Exchange rate of the British pound towards the euro


The prudence linked to the latest fluctuations of the pound is linked to the fact that the British Parliament will have to vote on the deal, reached on Saturday 19 October.
The outcome of the vote is uncertain, because the Labor, the Scottish nationalists and the Democratic Unionist Party of Northern Ireland do not seem willing to vote in favor of the deal reached. The financial markets seem therefore to have bet, but with prudence, on a parliamentary vote favorable to the deal.

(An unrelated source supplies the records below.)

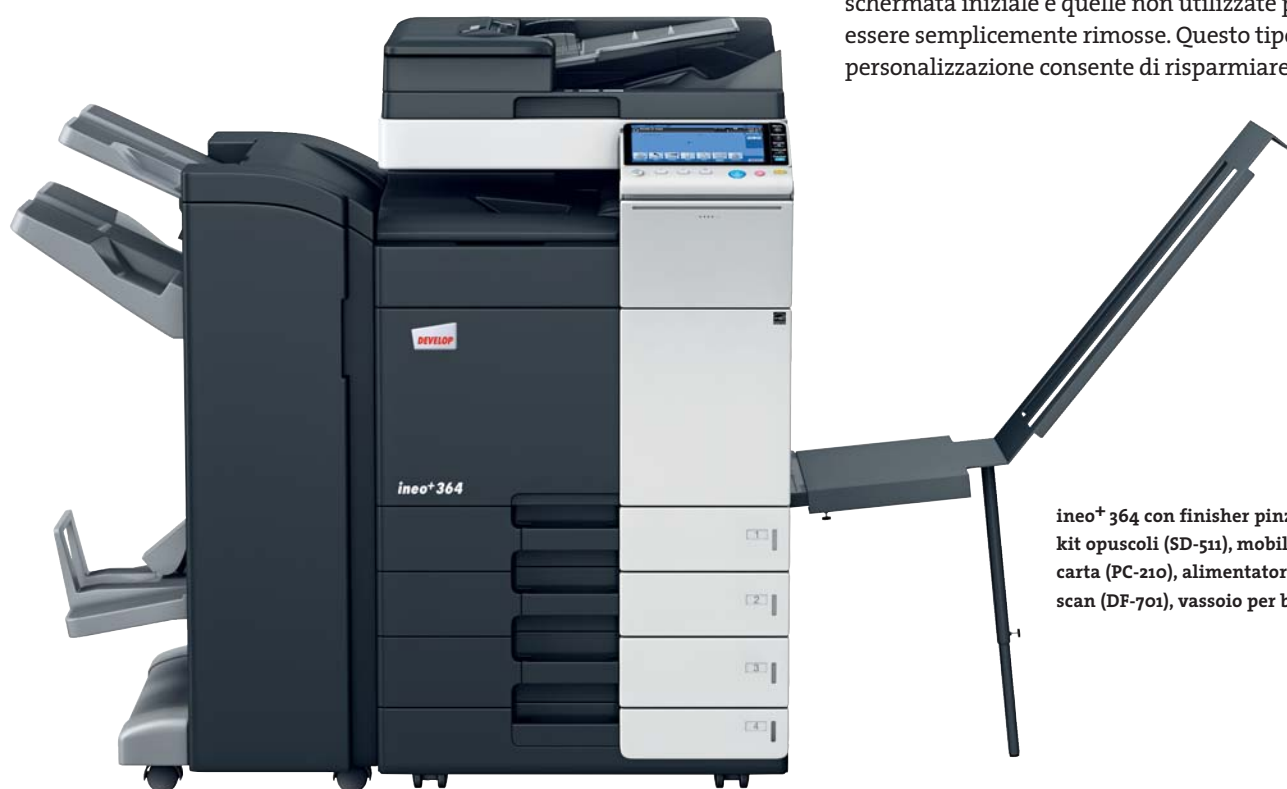
ineo+ 364 con finisher pinzatore (FS-534), kit opuscoli (SD-511), mobiletto con 2 cassette carta (PC-210), alimentatore originali Dual scan (DF-701), vassoio per banner (BT-C1e)

Molti sistemi multifunzione per ufficio sono complessi da utilizzare. ineo+ 224/284/364, viceversa, è semplicissima. Un concetto di funzionamento semplice e intuitivo assicura una facilità d'utilizzo analoga a quella di uno smartphone o di un tablet. Il touchscreen capacitivo da 9 pollici è dotato di funzioni note come flick&drag e grazie a una nuova struttura di navigazione del menu è possibile visualizzare tutte le funzioni contemporaneamente e selezionare le impostazioni desiderate con pochi clic. Le funzioni utilizzate con maggiore frequenza possono essere lasciate sulla schermata iniziale e quelle non utilizzate possono essere semplicemente rimosse. Questo tipo di personalizzazione consente di risparmiare tempo.
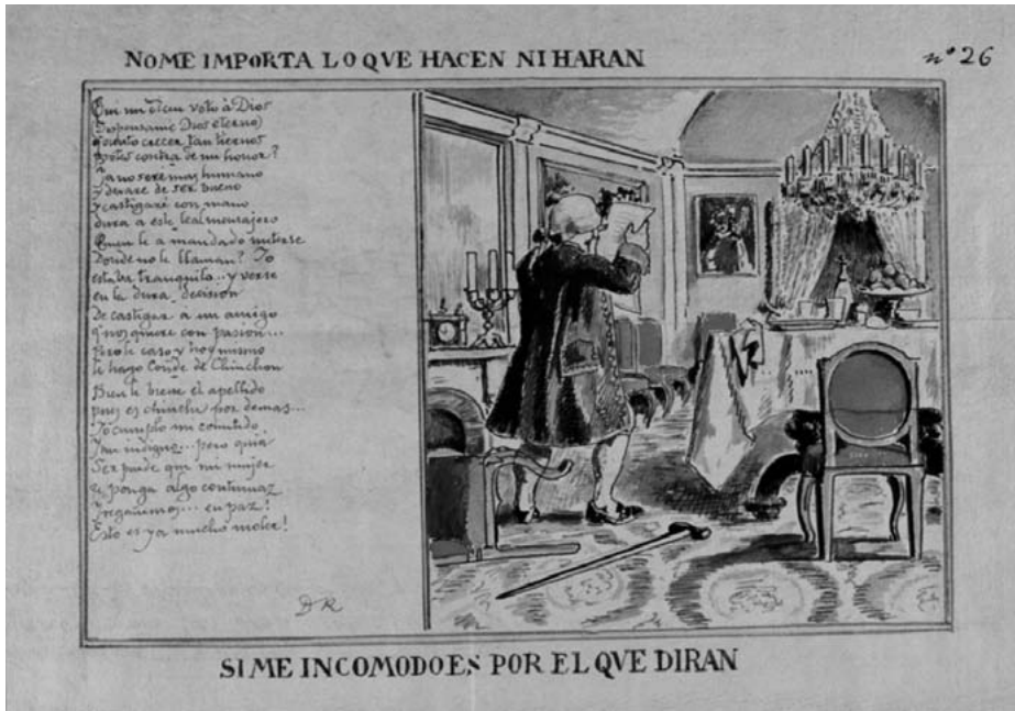
No me importa lo que hacen ni harán, ¿1801-1807? Anónimo. Coleccionista privado.

En la amenazante (108) estampa El juego es entre bribones y tontos, pero acabará pronto , vemos a la reina y a Godoy representados con los símbolos fálicos del basto y el chorizo, mientras que el rey está ausente y es sustituido por una especie de escudo de armas que incluye unos cuernos y la escopeta de caza (actividad que simboliza la despreocupación del rey por los asuntos del Estado y su alejamiento de la Corte). Aunque quizá la más ilustrativa de todas las obras sea Hasta el trono mancharon, y el deshonor de España consumaron que, si en su primera versión presenta a Carlos IV firmando documentos mientras Godoy y María Luisa flirtean, incluye una interesante novedad en la segunda: el brazo extendido de la reina, cuyo dedo índice ordena al rey que firme los papeles.
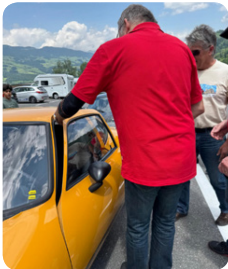
Autoknacker mit Komplize
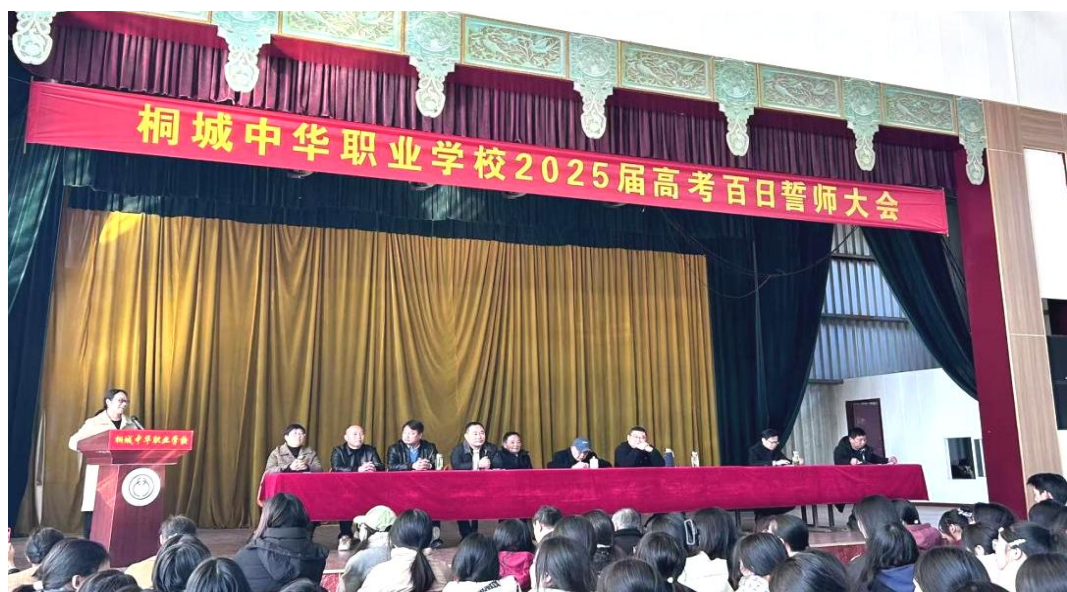
图 1-2-21 高三班主任代表汪海林发言

学生集体宣誓，喊出了决战高考的青春誓言。他们的誓言铿锵有力，充满了对高考的宣战和对青春的自信。
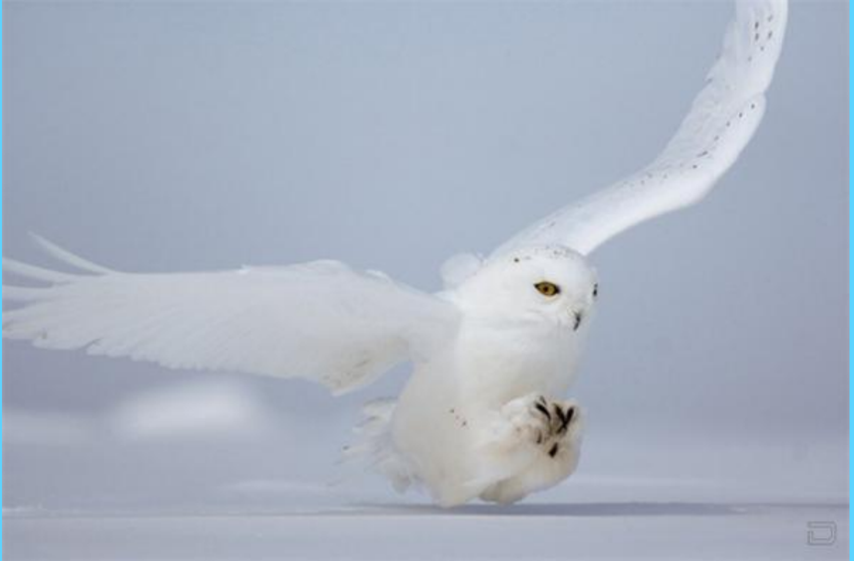
СЕВЕРНАЯ БЕЛАЯ СОВА

Unlike the Pound, the week ended with yet another depreciation of the Norwegian Krone, which reached 10.22 crowns against the euro. In one week, the crown depreciated by almost 2%; in a month of over 3%; in a year of 8%. All analysts are wondering what are the determinants that have been weakening the Norwegian Krone for several months. The most accredited are:

  1. a historical weakness of the currency in phases of high global uncertainty;
  2. the high weight in the stock market of companies, whose results are linked to the price of oil.

Exchange rate of the Norwegian Krone towards the euro

However, many doubts remain, because in the face of these factors of depreciation, there are other factors that should, conversely, lead to an appreciation of the Krone. Between these:

  1. relatively high interest rates, increased during this year from 0.8 to 1.5;
  2. GDP growth close to 2% this year and expected at 2.4% for 2020;
  3. a largely positive current account balance, close to 7% of GDP.

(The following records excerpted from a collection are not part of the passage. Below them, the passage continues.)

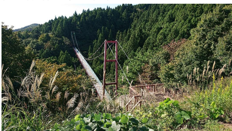
⑤朝日山展望台から千眼堂吊り橋が見えます。
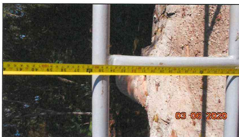
Figura 2 – Guarda-corpo executado com altura de 90 cm.
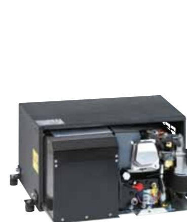
GRUPPO APERTO CON INTERNO SU SLITTA PER UNA FACILE MANUTENZIONE

BENZINA - 3000 giri/min - aria per camper e veicoli commerciali
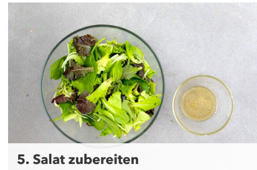
5. Salat zubereiten

In der Zwischenzeit den Käse fein reiben. Den Schinken in feine Streifen schneiden.
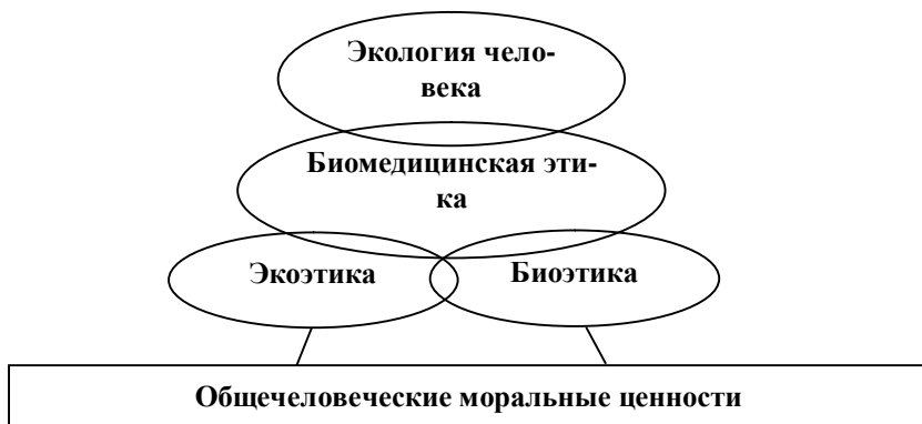
Рис. 1. Этическое обеспечение экологии человека

методологического основания для биомедицинской этики, которая, по существу, обеспечивает экологию человека. Но опираются все они, в конечном итоге, на те общечеловеческие ценности , которые выработаны социумом, составляют основу его существования и обретают особый смысл и специфику в медико-биологической деятельности (рис. 1).
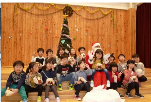
クリスマス会(こども園)
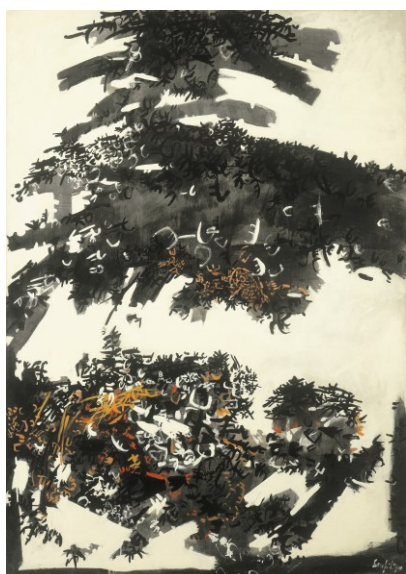
Senza titolo , 1957 tempera su tela, 162,3 x 114 cm collezione privata

Questo suo turbamento si traduce in un segno che si allunga, filante, che si flette e si ammatassa, immerso in un gorgo di materia in subbuglio, come avviene in Metamorfosi del 1960 qui illustrato. Poco dopo, ancora nel '60, quel groviglio si spaccherà in due corpi distinti, sospesi in un'atmosfera rarefatta, come provano i lavori a chiusura della mostra, che annunciano le immagini tipiche del decennio successivo.
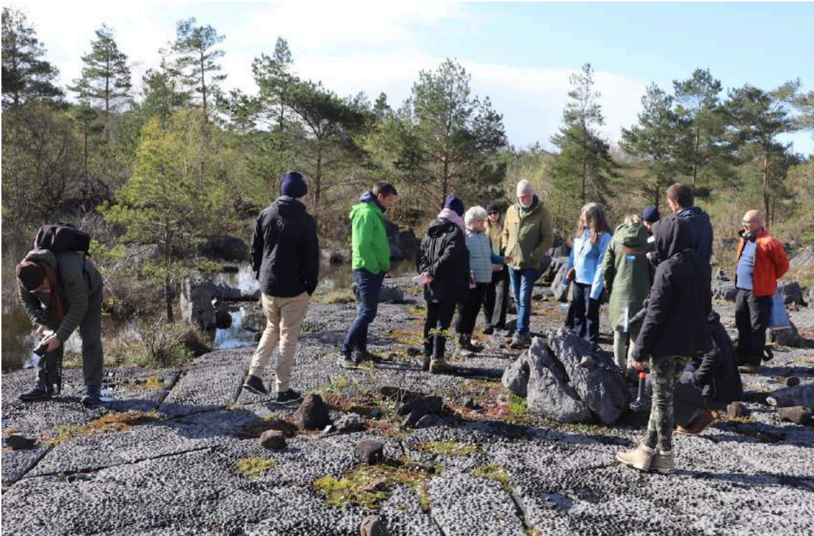
Comhpháirtithe Erasmus+ ag phábhál aolchloiche i gCoill na Fairche, le linn a gcuarite ar Éirinn i mí Aibreáin
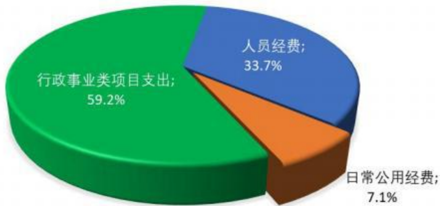
图 2：支出构成情况（按支出性质）
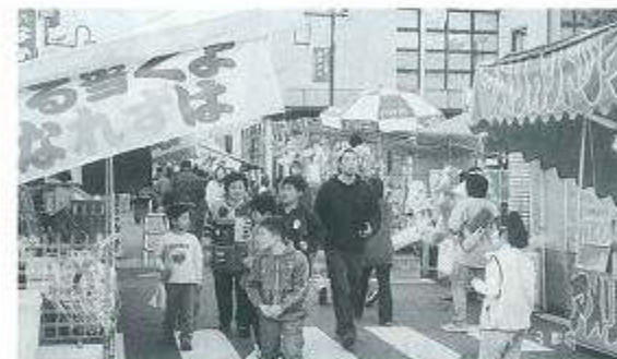
■にぎやかな露店商 両日も晴天に恵まれたが、今年も減少傾向に歯止めが掛からず前年の二割減の人出であった。

甲佐町の初市は今年から三三六年前、寛文八年に月三回(九日、十九日、二十九日)の三斎市(定期市)として始まりました。 今年も例年通り三月九日(火)、十日(水)の両日、春の到来を告げる暖かい日差しの中で約八十店の露店と多彩なイベントを織り込んで、市街地を中心に賑やかに開催されました。
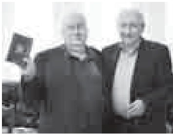
Участники встречи сошлись во мнении: если журналисты объединятся, будут проще решать политические, социальные, экономические и культурные проблемы.
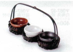
キ088-38 鉄赤珍味 φ6.3×3.7cm 270円 キ088-39 白梨地珍味 φ6.3×3.7cm 270円 キ088-40 黒マット珍味 φ6.3×3.7cm 270円 ウ088-41 染竹ミニ籠(3連) 24×8×H13cm 2,500円
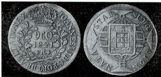
Fig. 109. — 960 réis. Letra monetária R.

A — Joannes. VI. D. G. Port. Bras. et. Alg. Rex. No campo: ao alto a corôa, ao centro o valor e a data e em baixo a letra monetária R entre florões, circundados por dois ramos de carvalho entrelaçados nas hastes.
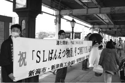
2013年新津駅でのばんえつ号乗車70万人達成イベント

Probably a non-marginal cause of the changes in the Norwegian Krone are the operations carried out by Norway's Government Pension Fund Global (the largest pension fund in the world), managed by the Central Bank of Norway. For several years, the value of the assets managed by the fund has exceeded 1000 billion dollars. The weight that the fund has on the Norwegian economy and on the balance of payments is evident if we consider that both the current account balance and the stock of Norway's foreign reserves have a level of a few tens of billions of dollars.